▶ Dataset items:
::::::::::

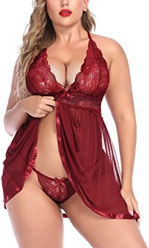 Brand: Avidlove, Material: 95% polyester and 5% spandex,this plus size babydoll is made of Ultra Soft and Elastic Lace,Stretch and Breathable mesh,Satin Trim. Design:This Mesh babydoll Sexy Backless Chemise Set featuring with sheer lace cups with a V-neck, halter tie straps, a sheer lace underbust band, a sheer mesh skirt with a satin trim, and a matching thong. Style: plus size babydoll for women.plus size women lace lingerie set, v neck chemise, halter lingerie plus size, sexy lingerie for women plus size, lace mesh lingerie sleepwear nightie, see thru lingerie for women, plus size lingerie for women for sex. Occassion: Sleepwear, Nightwear. Perfect for Honeymoon, Valentine's Day, Anniversary or every hot night, makes you more attractive and charming Package Content: 1 x Women Lingerie Lace Babydoll #9,286 in Clothing, Shoes & Jewelry ( ) #17 in
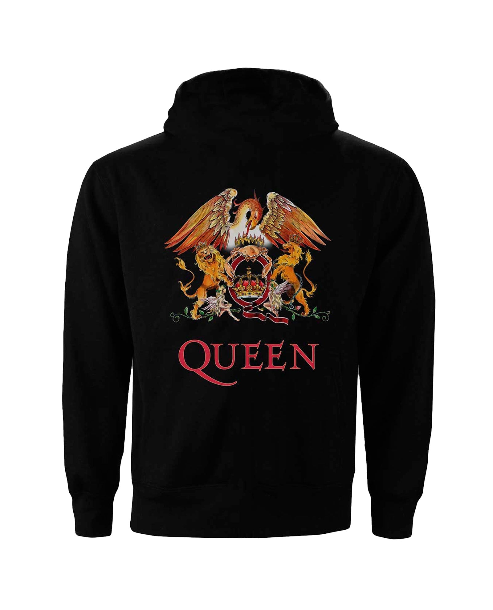 Sudadera cremallera con capucha 100% oficial de Queen que presenta el diseño "Classic Crest" en la parte delantera y trasera. Esta sudadera de alta calidad está disponible en color negro.
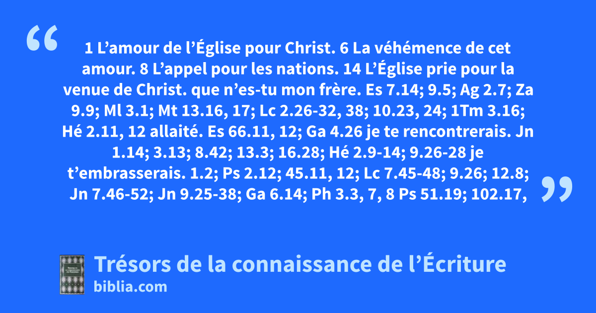 1 L’amour de l’Église pour Christ. 6 La véhémence de cet amour. 8 L’appel pour les nations. 14 L’Église prie pour la venue de Christ.
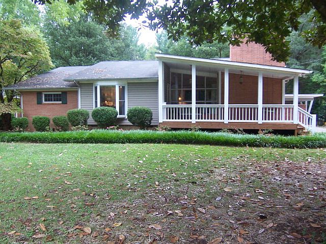 Unique open floor plan, hardwoods, awesome updated baths, covered porch, deck, in-ground pool, fenced yard, storage building, gorgeous lot.
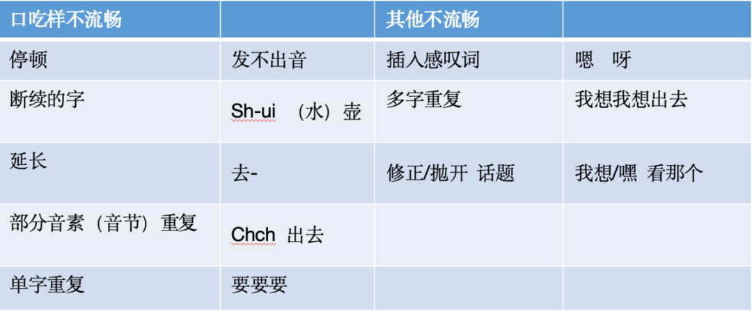 口吃是指儿童在语言发育期,言语流畅性明显低于年龄预期,表现为声音、音节、字、或词的重复伴有声音或字词的延长,以及阻断和回避或替换字。伴随症状包括眼睛眨动、下巴抖动及头部的动作等,以此来减轻口吃的程度。并不是所有的不流畅都是口吃。有的儿童,只是在发育过程中,短暂出现“其他不流畅”情况。区别如下:
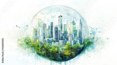 © Nonthawat, Fototapeta premium Watercolor Urban Greenery in a Bubble Surrounded by Futuristic Cityscape
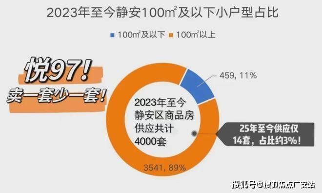据克而瑞数据库显示,2023年至今的三年间,静安100㎡及以下户型,仅占静安供应总量的10%左右!25年至今,仅且供应了14套100㎡以下小户型,骤减至3%,实在太少!
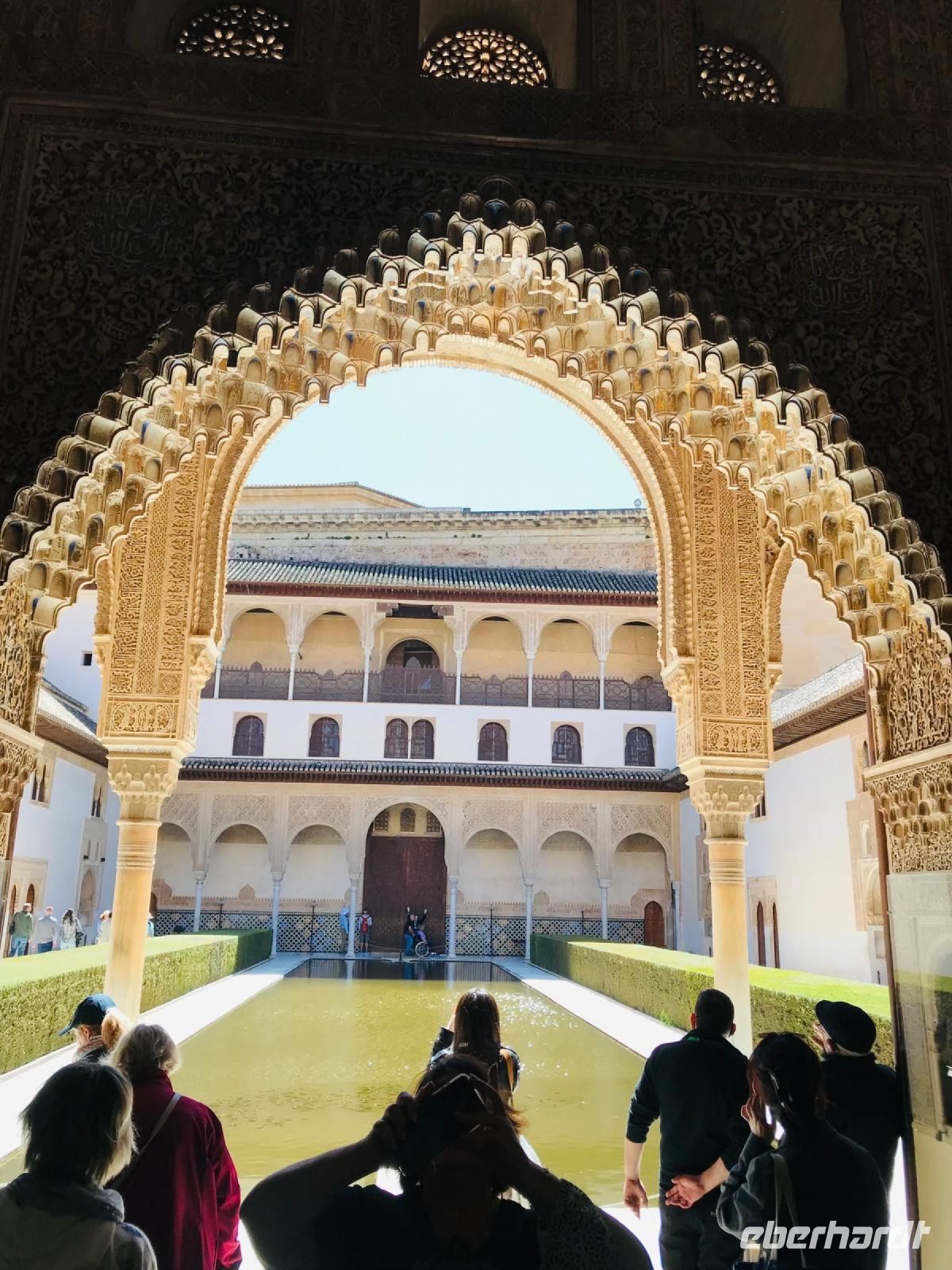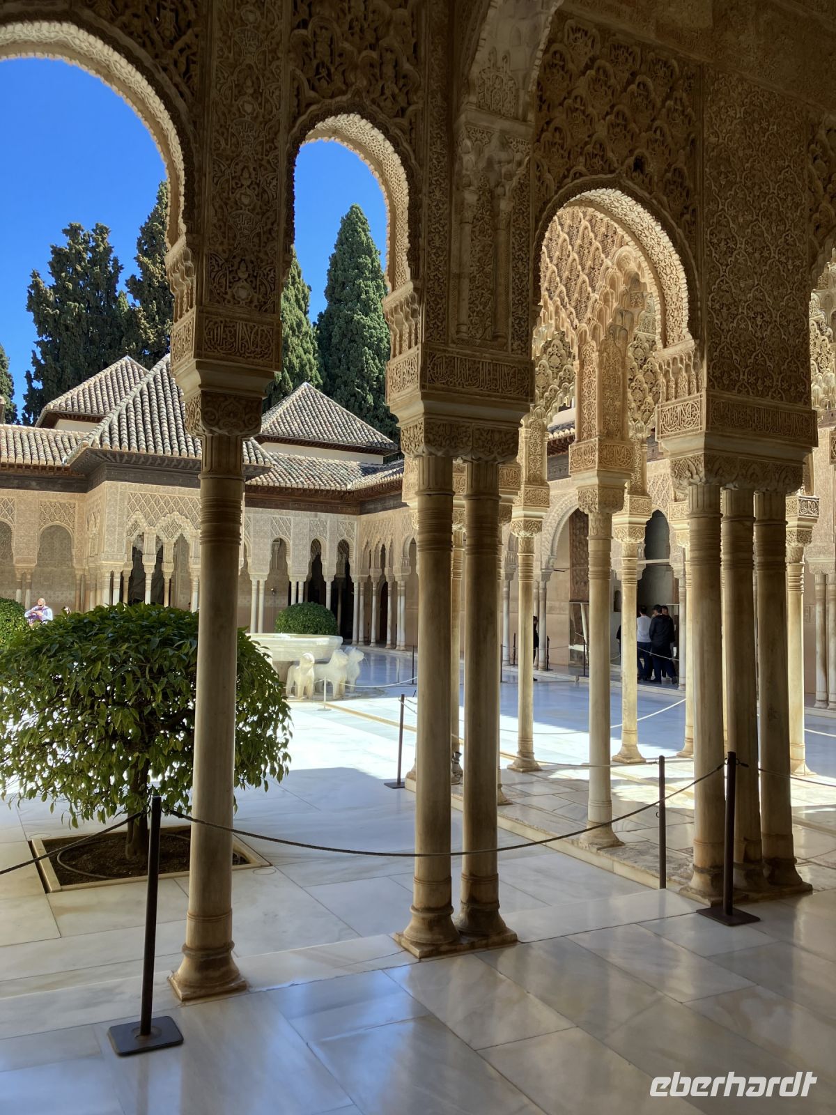 Dann wurde es noch beeindruckender: Wir betraten die legendären Nasridenpaläste, ein wahres Meisterwerk filigraner Architektur. Jeder Raum schien noch prachtvoller als der vorherige – Wände, die mit aufwendigen Stuckornamenten, feinsten Mosaiken und kunstvollen Holzschnitzereien verziert waren, ließen uns in Ehrfurcht erstarren. einige von uns warteten aber auf einen besonderen Höhepunkt. Der Löwenhof mit seinem berühmten Brunnen, getragen von zwölf marmornen Löwen, zog uns in seinen Bann. In den eleganten Arkaden und Säulengängen konnte man sich lebhaft vorstellen, wie einst Sultane und Gelehrte hier wandelten.
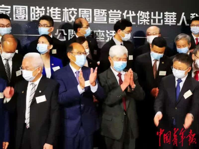 (6月23日,香港理工大學。88歲滿頭銀發(fā)的中國工程院院士、神舟飛船首任總設計師戚發(fā)軔(左二)和香港理工大學教授容啟亮(左三)的手緊緊握在一起。中青報·中青網(wǎng)記者 邱晨輝攝)
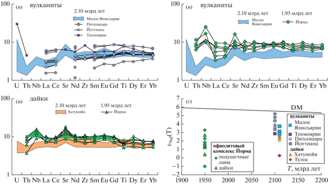 Основной объем таких исследований был выполнен для морского ятулия на территории Финляндии в сланцевых поясах провинции Хойтиайнен, Кайну и Кииминки Раахе-Ладожской зоны (Nykänen et al., 1994; Kohonen, 1995; Peltonen, 2005; Lahtinen et al., 2010, 2015), а также в ее северном продолжении в вулканогенно-осадочных поясах Перяпохья, Куусамо и Центрально-Лапландском (Köykkä et al., 2019). По результатам изучения осадочных и магматических комплексов на западной окраине Карельского кратона установлены два эпизода рифтогенеза и раскола континентальной литосферы. На раннем этапе (2.10–2.15 млрд лет) сформировались рифтогенные осадки и связанные с ними малоглубинные деплетированные толеитовые базальты: он рассматривается как раскол континентального блока, открытие океана и формирование пассивной окраины на западе Карельского кратона (Huhma et al., 1990; Nykänen et al., 1994; Kohonen, 1995; Lahtinen et al., 2010, 2015; Köykkä et al., 2019). Поздний эпизод, около 1.95 млрд лет, маркируется офиолитовыми комплексами Йорма и Оутокумпу (Peltonen et al., 1996; Peltonen, 2005) и связывается с повторным расколом утоненной литосферы уже сформированной пассивной окраины (Lahtinen et al., 2010, 2015).
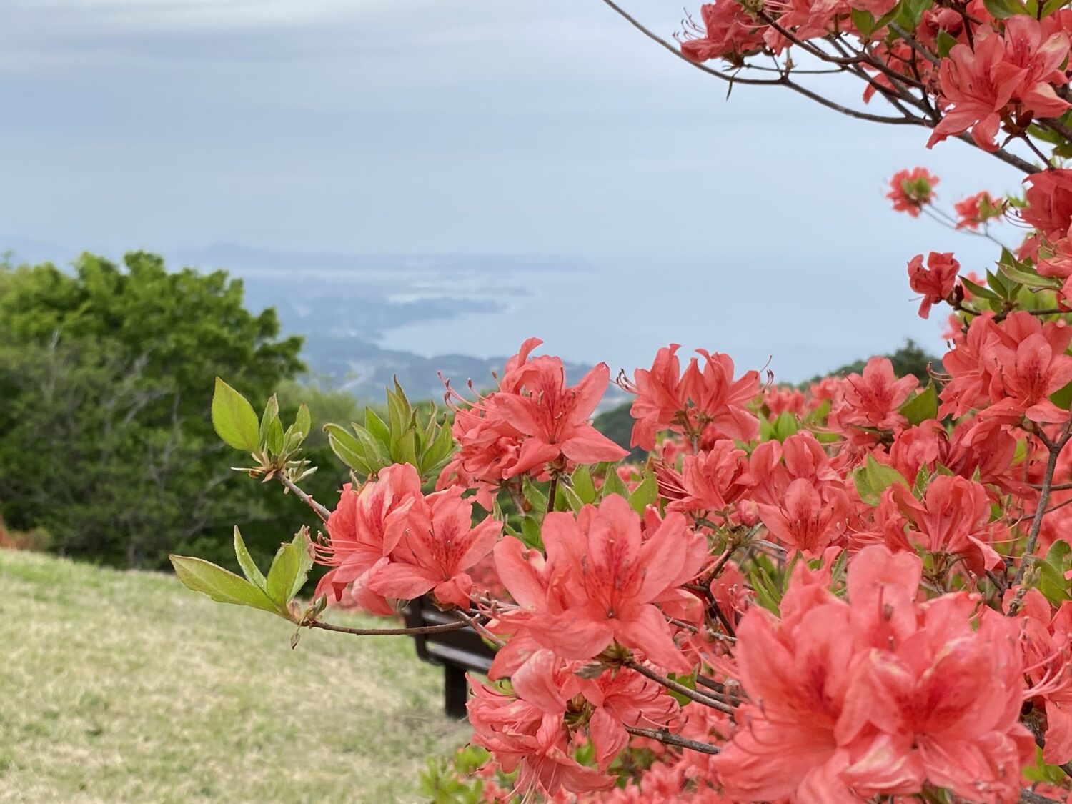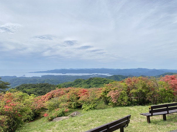 つつじの見頃は終えたものの、田束山は南三陸屈指のビュースポットです。

::::::::::

How would the lines above read from the one with "口吃是指儿童在语言发育期,言" to the one with "据克而瑞数据库显示,2023", inclusive, with no pictures? Write them out exactly.

▶ Solution to this problem:
 口吃是指儿童在语言发育期,言语流畅性明显低于年龄预期,表现为声音、音节、字、或词的重复伴有声音或字词的延长,以及阻断和回避或替换字。伴随症状包括眼睛眨动、下巴抖动及头部的动作等,以此来减轻口吃的程度。并不是所有的不流畅都是口吃。有的儿童,只是在发育过程中,短暂出现“其他不流畅”情况。区别如下:
 © Nonthawat, Fototapeta premium Watercolor Urban Greenery in a Bubble Surrounded by Futuristic Cityscape
据克而瑞数据库显示,2023年至今的三年间,静安100㎡及以下户型,仅占静安供应总量的10%左右!25年至今,仅且供应了14套100㎡以下小户型,骤减至3%,实在太少!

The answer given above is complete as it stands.